##### DATASET CONTENT #####
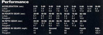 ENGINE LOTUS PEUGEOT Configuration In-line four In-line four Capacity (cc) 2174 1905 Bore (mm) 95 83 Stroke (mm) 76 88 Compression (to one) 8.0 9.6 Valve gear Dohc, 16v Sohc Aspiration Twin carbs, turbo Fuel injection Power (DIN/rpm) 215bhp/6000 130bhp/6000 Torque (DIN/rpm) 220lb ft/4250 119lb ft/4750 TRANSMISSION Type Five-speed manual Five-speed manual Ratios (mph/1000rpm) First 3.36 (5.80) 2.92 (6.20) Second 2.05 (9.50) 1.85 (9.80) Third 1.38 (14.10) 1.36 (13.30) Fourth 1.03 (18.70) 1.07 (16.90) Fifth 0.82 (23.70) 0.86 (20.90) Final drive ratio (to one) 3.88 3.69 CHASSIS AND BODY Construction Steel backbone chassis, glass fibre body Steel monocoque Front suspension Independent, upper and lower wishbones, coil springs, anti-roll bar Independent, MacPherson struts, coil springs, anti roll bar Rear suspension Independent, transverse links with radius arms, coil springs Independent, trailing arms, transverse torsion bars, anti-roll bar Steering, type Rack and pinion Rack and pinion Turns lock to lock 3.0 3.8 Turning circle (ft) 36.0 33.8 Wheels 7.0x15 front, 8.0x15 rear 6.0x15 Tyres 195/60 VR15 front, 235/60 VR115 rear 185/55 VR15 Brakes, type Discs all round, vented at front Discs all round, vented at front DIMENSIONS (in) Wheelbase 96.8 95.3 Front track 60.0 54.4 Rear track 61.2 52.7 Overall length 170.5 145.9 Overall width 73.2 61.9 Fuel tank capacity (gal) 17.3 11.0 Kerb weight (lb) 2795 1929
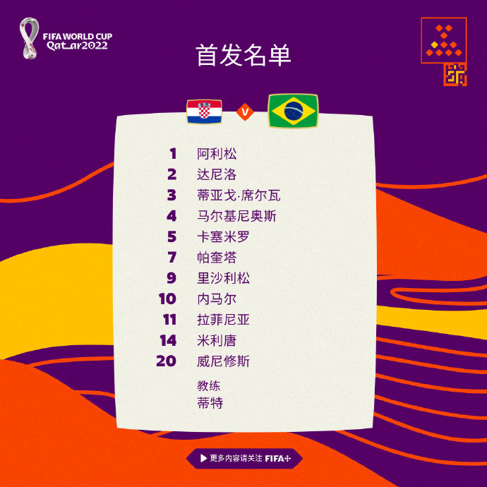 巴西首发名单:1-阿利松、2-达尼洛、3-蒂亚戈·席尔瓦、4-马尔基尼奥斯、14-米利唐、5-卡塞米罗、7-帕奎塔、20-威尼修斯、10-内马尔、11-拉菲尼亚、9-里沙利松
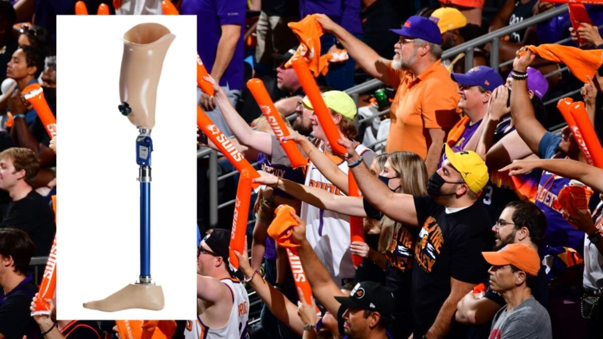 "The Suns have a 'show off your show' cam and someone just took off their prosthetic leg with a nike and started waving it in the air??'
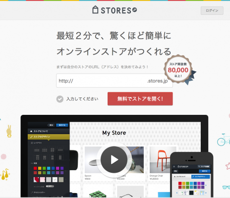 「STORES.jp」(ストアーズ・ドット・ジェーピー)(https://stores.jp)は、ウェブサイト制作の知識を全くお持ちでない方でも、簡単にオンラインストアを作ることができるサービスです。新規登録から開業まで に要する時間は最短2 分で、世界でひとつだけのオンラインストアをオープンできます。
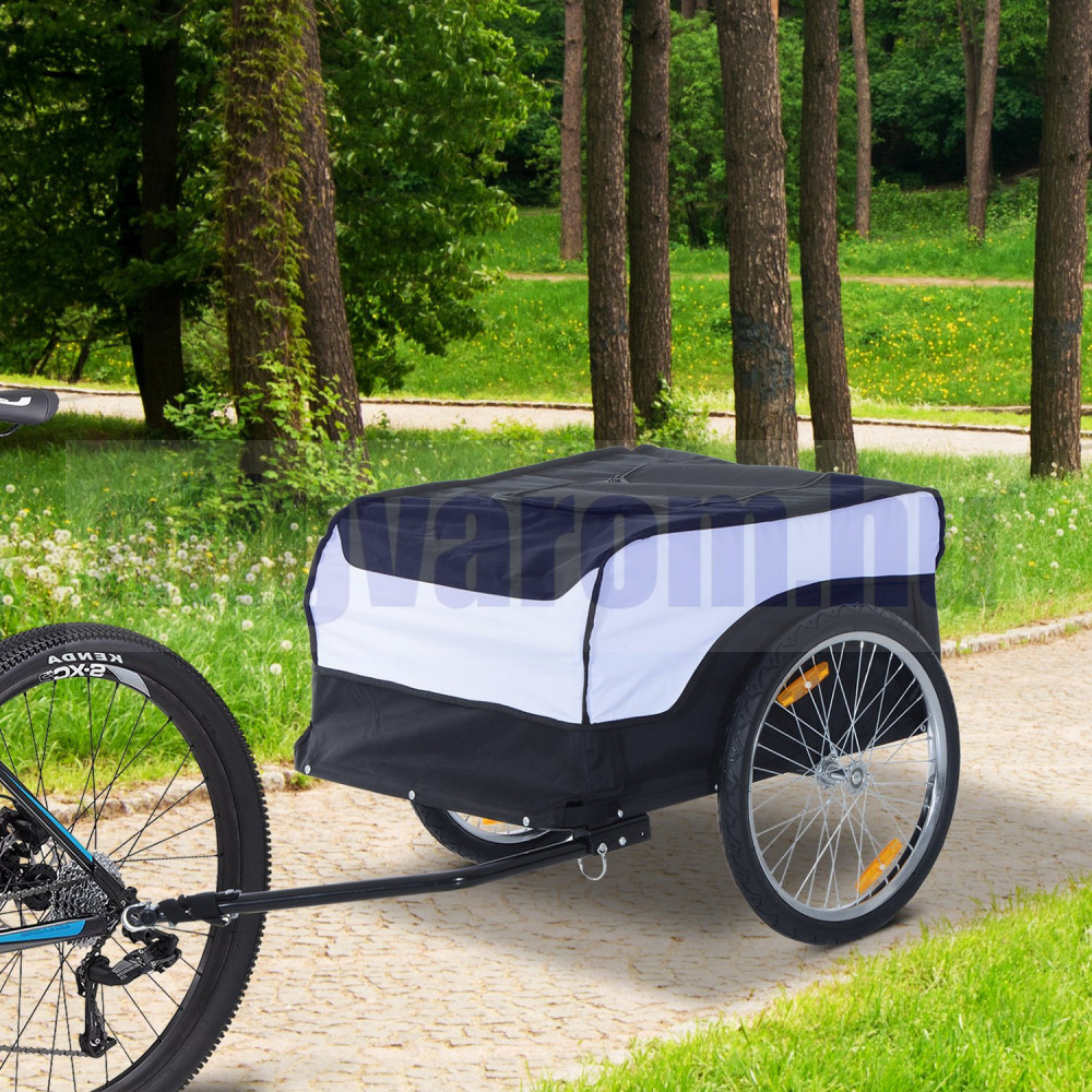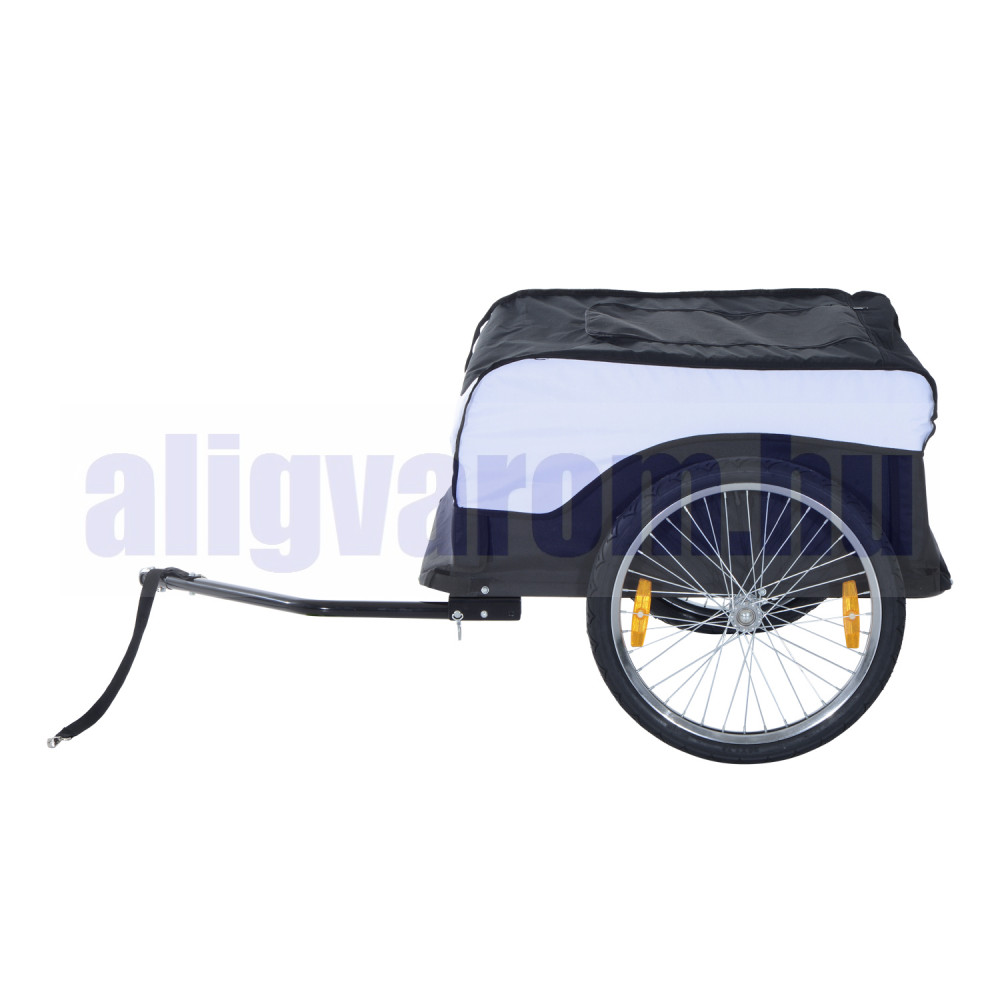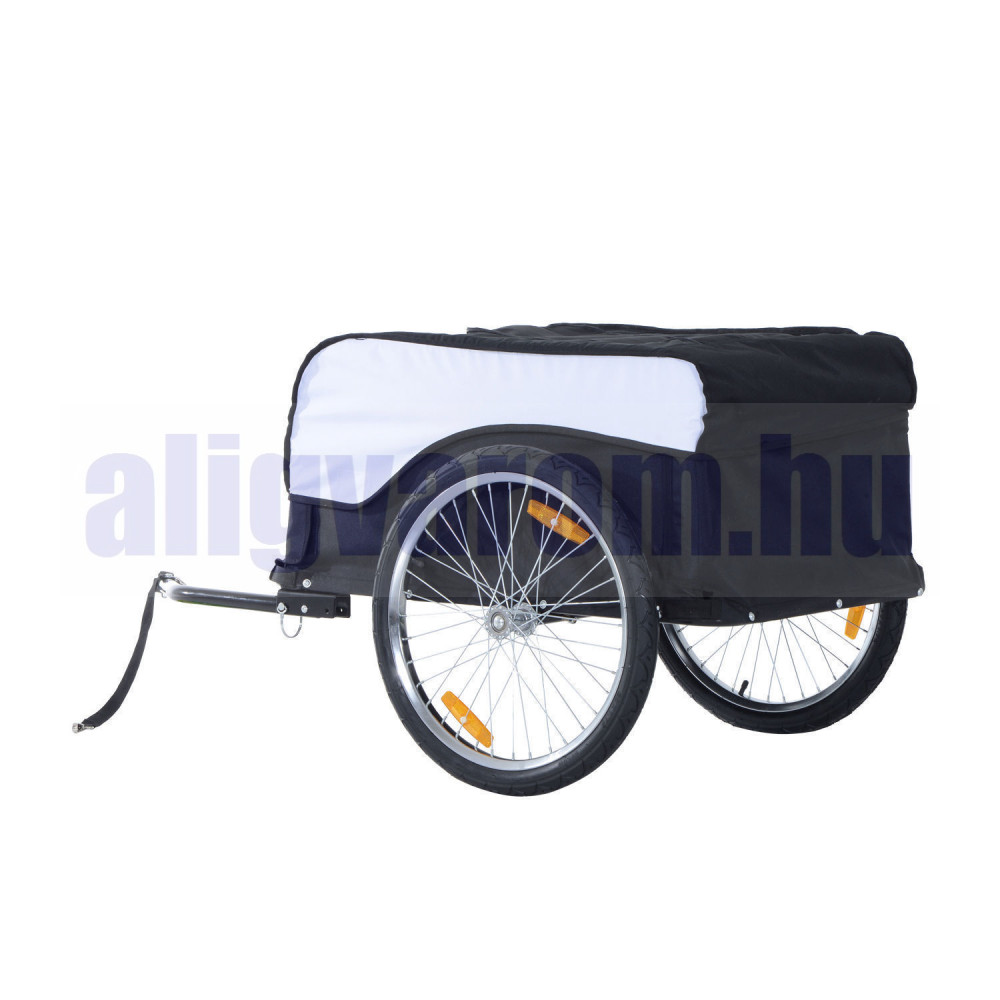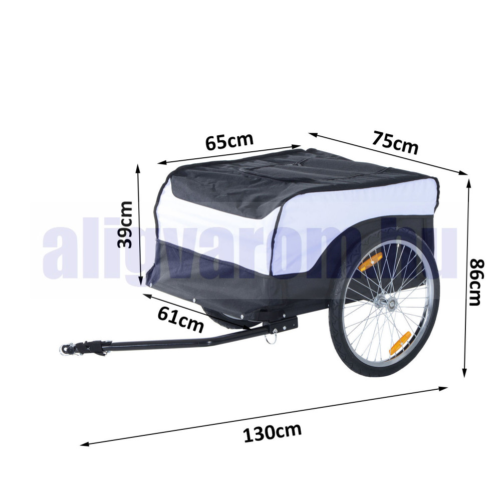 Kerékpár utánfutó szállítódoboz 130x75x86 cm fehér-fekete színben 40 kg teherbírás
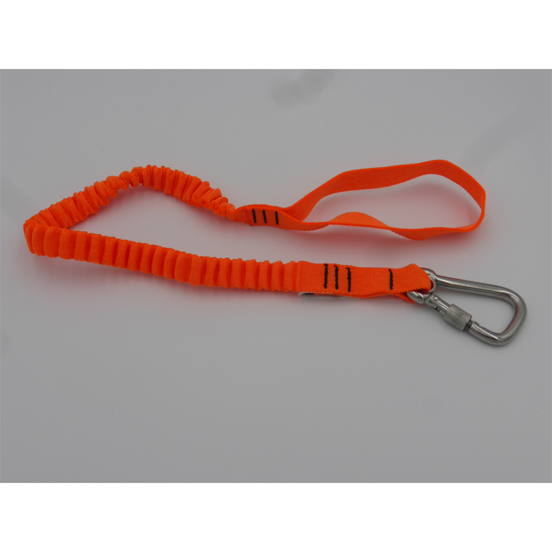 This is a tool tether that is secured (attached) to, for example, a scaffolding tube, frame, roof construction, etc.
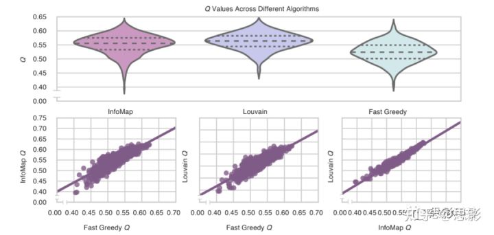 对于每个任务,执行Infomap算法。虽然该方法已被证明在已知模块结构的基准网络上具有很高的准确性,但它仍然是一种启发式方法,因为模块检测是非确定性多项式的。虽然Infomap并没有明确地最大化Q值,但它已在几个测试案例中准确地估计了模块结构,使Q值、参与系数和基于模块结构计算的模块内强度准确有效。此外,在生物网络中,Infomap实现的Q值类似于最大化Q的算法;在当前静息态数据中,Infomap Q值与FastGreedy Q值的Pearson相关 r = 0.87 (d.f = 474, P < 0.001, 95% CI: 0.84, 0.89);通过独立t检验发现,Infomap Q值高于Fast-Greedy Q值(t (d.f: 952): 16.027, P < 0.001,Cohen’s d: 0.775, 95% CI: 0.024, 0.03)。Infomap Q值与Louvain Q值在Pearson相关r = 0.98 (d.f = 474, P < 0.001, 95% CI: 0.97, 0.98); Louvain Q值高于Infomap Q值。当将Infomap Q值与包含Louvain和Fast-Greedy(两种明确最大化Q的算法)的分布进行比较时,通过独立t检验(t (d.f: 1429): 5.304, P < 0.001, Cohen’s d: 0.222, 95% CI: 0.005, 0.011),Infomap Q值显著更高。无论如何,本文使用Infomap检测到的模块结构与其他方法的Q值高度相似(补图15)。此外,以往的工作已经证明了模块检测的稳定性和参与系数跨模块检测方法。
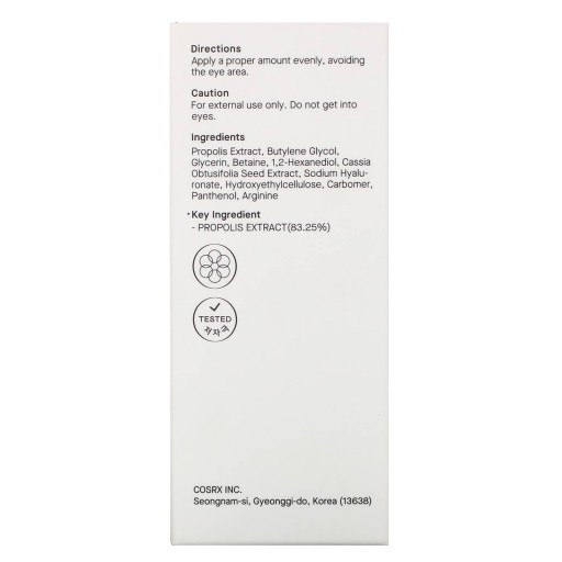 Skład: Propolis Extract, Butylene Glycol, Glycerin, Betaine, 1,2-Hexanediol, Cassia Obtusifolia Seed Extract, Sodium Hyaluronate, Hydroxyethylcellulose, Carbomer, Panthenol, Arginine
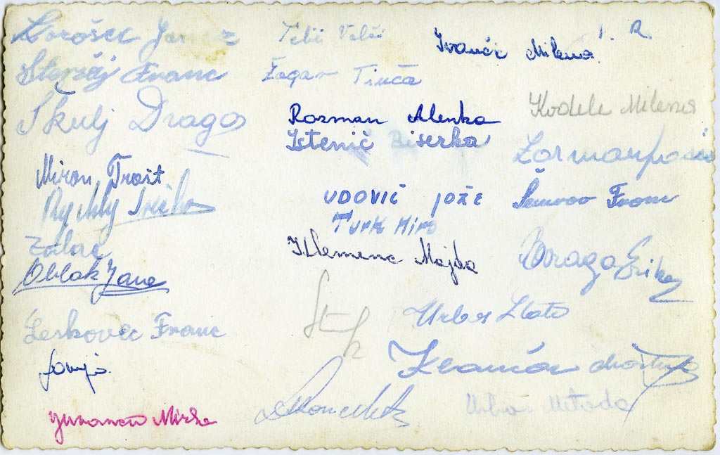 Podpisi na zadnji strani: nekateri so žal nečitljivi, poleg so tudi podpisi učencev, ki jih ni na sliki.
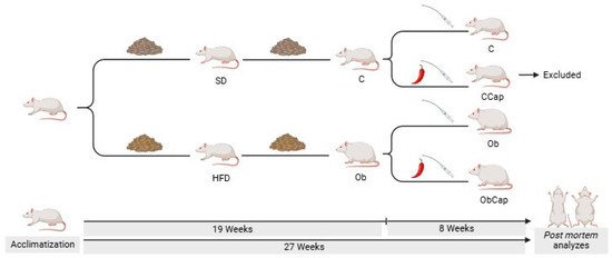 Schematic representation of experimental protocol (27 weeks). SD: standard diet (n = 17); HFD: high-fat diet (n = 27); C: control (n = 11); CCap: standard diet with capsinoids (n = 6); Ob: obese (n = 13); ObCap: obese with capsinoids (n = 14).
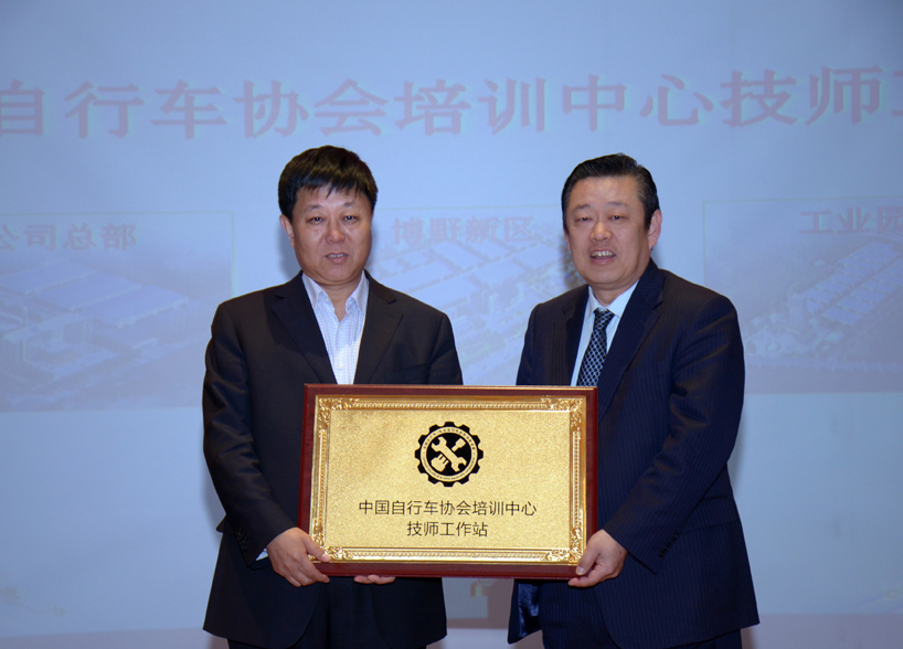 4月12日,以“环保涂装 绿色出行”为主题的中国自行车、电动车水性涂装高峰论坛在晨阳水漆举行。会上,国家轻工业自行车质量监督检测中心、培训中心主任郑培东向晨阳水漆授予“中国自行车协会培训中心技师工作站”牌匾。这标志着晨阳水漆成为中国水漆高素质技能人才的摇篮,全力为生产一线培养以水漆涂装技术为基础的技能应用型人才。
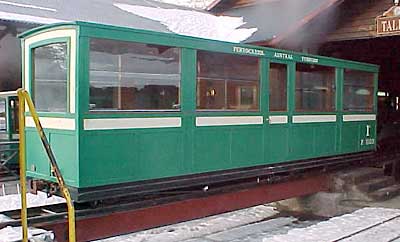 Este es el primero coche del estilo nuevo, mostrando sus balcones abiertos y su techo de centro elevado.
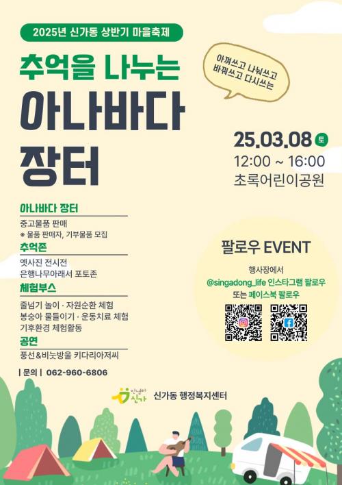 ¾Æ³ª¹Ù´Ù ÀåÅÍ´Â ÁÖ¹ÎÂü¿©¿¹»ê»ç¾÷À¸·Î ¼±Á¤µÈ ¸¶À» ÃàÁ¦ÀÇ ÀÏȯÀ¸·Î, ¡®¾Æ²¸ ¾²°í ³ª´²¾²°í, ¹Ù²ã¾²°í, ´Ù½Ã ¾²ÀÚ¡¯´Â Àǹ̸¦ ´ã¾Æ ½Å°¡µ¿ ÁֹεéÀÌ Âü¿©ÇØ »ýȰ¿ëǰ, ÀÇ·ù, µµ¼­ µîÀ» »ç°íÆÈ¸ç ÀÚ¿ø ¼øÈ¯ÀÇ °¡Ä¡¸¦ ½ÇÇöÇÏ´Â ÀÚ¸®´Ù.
#####
PROMPT:
The reply should hold exactly the lines above, starting at the line with "巴西首发名单:1-阿利松、2" and ending at the line with "in the air??'", and no pictures.

TASK ANSWER:
 巴西首发名单:1-阿利松、2-达尼洛、3-蒂亚戈·席尔瓦、4-马尔基尼奥斯、14-米利唐、5-卡塞米罗、7-帕奎塔、20-威尼修斯、10-内马尔、11-拉菲尼亚、9-里沙利松
 "The Suns have a 'show off your show' cam and someone just took off their prosthetic leg with a nike and started waving it in the air??'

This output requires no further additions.